Zu prüfen war, ob die Sechsmonatsfrist des § 27 VwGG im vorliegenden Fall am 25. November 1997, dem Tag des Einlangens der Säumnisbeschwerde, verstrichen war. Dies setzte voraus, dass eine Hemmung dieser Frist infolge "Quotenerschöpfung" aus dem Grund des § 9 Abs. 3 AufG nicht eingetreten ist. Nach der Rechtsprechung des Verwaltungsgerichtshofes (vgl. die hg. Beschlüsse vom 13. Juni 1997, Zl. 96/19/2208, und vom 13. Februar 1998, Zl. 96/19/3271, tritt die Hemmung der Frist des § 27 VwGG unabhängig davon ein, ob ein Grund für die Versagung einer quotenabhängigen Bewilligung vorliegt oder nicht.

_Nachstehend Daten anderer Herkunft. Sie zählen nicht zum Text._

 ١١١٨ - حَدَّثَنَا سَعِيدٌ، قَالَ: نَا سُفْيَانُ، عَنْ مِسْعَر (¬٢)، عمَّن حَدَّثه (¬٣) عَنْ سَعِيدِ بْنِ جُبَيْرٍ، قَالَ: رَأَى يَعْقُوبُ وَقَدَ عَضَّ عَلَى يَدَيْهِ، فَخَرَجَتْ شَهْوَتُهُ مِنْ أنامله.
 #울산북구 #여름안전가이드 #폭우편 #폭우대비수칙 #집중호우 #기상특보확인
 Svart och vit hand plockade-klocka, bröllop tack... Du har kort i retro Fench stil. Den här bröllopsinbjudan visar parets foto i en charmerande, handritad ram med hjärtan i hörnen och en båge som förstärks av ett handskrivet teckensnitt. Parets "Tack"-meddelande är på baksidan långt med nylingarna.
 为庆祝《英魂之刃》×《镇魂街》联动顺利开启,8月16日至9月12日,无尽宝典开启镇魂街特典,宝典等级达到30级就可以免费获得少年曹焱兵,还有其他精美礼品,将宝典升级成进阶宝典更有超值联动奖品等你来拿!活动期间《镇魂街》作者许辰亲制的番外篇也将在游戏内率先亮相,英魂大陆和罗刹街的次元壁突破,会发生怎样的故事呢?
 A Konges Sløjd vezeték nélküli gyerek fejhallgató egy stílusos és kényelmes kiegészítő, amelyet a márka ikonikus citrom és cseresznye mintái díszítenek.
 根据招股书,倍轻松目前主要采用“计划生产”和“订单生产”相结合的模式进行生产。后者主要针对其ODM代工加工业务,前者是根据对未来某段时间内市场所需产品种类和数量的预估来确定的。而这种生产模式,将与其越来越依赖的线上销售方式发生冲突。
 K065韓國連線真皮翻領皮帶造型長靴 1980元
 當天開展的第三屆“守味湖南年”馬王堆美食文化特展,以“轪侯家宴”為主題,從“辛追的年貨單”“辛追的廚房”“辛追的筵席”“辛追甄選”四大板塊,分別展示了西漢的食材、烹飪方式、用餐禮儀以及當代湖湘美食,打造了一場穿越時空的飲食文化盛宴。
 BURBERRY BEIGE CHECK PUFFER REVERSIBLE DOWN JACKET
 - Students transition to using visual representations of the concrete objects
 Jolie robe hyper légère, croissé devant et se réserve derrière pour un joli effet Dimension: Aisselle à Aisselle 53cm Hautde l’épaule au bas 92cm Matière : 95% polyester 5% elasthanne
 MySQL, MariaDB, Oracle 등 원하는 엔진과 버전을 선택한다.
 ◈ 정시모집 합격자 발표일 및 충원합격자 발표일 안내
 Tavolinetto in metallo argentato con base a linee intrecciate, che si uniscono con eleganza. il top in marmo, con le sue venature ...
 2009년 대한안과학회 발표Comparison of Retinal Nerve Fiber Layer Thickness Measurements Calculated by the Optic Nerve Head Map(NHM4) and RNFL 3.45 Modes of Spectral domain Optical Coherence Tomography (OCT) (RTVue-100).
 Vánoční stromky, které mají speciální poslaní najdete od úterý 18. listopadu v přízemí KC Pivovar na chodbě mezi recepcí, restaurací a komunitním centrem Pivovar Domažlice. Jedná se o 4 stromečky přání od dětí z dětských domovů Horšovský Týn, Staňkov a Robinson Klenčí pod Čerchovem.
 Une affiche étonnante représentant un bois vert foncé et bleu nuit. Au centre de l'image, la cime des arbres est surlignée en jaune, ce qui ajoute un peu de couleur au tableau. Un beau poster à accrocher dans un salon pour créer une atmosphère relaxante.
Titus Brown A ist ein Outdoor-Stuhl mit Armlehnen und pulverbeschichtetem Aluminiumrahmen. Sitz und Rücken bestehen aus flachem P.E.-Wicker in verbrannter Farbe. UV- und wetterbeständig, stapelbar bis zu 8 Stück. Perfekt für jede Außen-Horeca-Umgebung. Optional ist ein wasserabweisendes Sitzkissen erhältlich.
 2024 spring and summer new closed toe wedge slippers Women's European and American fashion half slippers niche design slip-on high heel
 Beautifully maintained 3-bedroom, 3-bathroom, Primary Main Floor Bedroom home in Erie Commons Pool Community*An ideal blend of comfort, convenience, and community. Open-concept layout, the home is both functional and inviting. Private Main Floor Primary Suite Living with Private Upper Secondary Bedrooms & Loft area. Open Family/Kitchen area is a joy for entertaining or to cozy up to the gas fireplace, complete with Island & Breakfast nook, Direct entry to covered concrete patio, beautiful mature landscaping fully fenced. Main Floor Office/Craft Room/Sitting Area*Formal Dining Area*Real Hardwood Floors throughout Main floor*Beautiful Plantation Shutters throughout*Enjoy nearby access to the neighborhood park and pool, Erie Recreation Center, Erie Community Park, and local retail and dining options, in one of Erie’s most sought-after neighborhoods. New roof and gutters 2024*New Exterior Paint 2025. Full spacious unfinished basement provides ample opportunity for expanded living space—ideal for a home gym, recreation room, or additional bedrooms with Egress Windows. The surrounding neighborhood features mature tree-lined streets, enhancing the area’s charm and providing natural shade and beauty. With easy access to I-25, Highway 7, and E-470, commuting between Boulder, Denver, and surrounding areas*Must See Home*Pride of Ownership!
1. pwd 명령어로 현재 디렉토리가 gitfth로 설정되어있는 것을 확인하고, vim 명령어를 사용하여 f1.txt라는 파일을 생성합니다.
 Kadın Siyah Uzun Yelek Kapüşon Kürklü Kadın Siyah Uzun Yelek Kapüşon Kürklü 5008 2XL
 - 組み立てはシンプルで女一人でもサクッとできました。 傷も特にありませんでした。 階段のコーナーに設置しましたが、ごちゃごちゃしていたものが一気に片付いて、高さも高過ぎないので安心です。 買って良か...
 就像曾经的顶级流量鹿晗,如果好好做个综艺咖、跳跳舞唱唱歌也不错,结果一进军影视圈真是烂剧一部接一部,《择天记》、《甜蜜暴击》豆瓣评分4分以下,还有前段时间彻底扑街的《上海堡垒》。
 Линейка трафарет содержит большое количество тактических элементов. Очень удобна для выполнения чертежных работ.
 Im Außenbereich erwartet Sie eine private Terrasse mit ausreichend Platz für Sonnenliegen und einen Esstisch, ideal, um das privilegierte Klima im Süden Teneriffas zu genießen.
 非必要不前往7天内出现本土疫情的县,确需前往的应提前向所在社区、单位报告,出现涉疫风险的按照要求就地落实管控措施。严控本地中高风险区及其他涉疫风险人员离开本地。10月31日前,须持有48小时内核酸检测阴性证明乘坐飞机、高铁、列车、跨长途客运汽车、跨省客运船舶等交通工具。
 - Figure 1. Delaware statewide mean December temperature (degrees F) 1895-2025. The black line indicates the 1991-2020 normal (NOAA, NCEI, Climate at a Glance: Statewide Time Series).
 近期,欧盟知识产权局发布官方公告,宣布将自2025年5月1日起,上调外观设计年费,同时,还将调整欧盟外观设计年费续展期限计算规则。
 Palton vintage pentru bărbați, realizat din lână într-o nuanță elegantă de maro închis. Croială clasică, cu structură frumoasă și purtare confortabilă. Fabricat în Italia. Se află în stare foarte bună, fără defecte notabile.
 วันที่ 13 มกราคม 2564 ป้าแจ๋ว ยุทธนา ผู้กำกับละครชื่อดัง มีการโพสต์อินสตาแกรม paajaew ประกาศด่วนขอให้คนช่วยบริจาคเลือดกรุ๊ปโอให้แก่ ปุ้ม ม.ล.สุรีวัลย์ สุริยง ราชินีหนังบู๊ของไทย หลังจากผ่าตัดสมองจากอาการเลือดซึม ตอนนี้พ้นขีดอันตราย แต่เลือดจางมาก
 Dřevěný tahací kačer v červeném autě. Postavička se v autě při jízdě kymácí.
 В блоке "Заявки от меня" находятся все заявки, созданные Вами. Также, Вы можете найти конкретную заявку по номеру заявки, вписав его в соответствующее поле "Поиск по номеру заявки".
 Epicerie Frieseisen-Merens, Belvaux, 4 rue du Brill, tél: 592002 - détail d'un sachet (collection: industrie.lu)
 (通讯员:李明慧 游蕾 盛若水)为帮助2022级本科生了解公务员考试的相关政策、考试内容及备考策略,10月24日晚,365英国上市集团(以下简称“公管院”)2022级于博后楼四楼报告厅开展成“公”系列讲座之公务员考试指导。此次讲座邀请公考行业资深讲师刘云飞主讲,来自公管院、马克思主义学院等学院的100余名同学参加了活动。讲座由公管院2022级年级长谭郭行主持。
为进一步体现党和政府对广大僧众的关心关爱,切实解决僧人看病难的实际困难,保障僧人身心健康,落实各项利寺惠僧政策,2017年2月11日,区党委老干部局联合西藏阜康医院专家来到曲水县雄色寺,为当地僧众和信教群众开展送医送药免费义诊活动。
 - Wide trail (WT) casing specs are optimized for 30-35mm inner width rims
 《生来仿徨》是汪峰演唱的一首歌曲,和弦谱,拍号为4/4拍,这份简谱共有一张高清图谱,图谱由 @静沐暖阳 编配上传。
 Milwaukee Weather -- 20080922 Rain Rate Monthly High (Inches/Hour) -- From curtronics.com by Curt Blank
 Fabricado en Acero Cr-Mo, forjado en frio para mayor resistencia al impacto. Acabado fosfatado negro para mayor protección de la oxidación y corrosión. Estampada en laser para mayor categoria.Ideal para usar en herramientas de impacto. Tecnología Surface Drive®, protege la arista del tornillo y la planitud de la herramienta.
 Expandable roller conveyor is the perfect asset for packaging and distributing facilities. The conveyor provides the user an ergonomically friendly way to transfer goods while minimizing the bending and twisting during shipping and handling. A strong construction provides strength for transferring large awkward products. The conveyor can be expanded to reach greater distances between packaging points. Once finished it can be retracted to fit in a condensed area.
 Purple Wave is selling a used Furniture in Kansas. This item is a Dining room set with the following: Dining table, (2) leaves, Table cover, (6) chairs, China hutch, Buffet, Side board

Das Erkenntnis des Verwaltungsgerichtshofes vom 28. Februar 1997, Zl. 96/19/2155, langte nach der Aktenlage am 21. April 1997 bei der belangten Behörde ein. Die Entscheidungsfrist nach § 27 VwGG begann mit diesem Tag (wieder) zu laufen. Die Säumnisbeschwerde wäre zulässig, wenn der belangten Behörde für ihre Berufungsentscheidung insgesamt sechs Monate während offener Quote zur Verfügung gestanden wären (vgl. den hg. Beschluss vom 15. Mai 2002, Zl. 2002/12/0028).

Der Verwaltungsgerichtshof legt seiner rechtlichen Beurteilung die unbedenkliche Mitteilung der belangten Behörde, der die Beschwerdeführerin nicht entgegengetreten ist, zu Grunde, dass die im Beschwerdefall maßgebliche Quote nach § 1 Abs. 1 der Verordnung über die Anzahl der Bewilligungen nach dem Aufenthaltsgesetz für 1997 per 2. Juli 1997 bereits erschöpft war.

Rechtlich folgt daraus, dass die belangte Behörde vom Zeitpunkt dieser "Quotenerschöpfung" bis zur Erlassung einer nachfolgenden Quotenverordnung (hier: der entsprechenden, am 1. Jänner 1998 in Kraft getretenen Niederlassungsverordnung 1998, BGBl. II Nr. 371/1997) keine Entscheidungspflicht traf. Die Zeiten der geschlossenen Quote (vom 2. Juli 1997 bis 31. Dezember 1997) waren auf die Frist des § 27 VwGG nicht anzurechnen. Die mit Einlangen des Erkenntnisses des Verwaltungsgerichtshofes am 21. April 1997 in Gang gesetzte Frist des § 27 VwGG war daher im Zeitpunkt der "Quotenerschöpfung" für das Jahr 1997 noch nicht abgelaufen.

Die am 25. November 1997 beim Verwaltungsgerichtshof eingebrachte Säumnisbeschwerde erweist sich demnach als verfrüht. Sie war mangels Berechtigung zur ihrer Erhebung gemäß § 34 Abs. 1 und 3 VwGG zurückzuweisen.

Ein Kostenausspruch konnte entfallen, weil die gemäß § 51 VwGG obsiegende belangte Behörde keinen Antrag auf Aufwandersatz im Sinne des § 59 VwGG gestellt hat.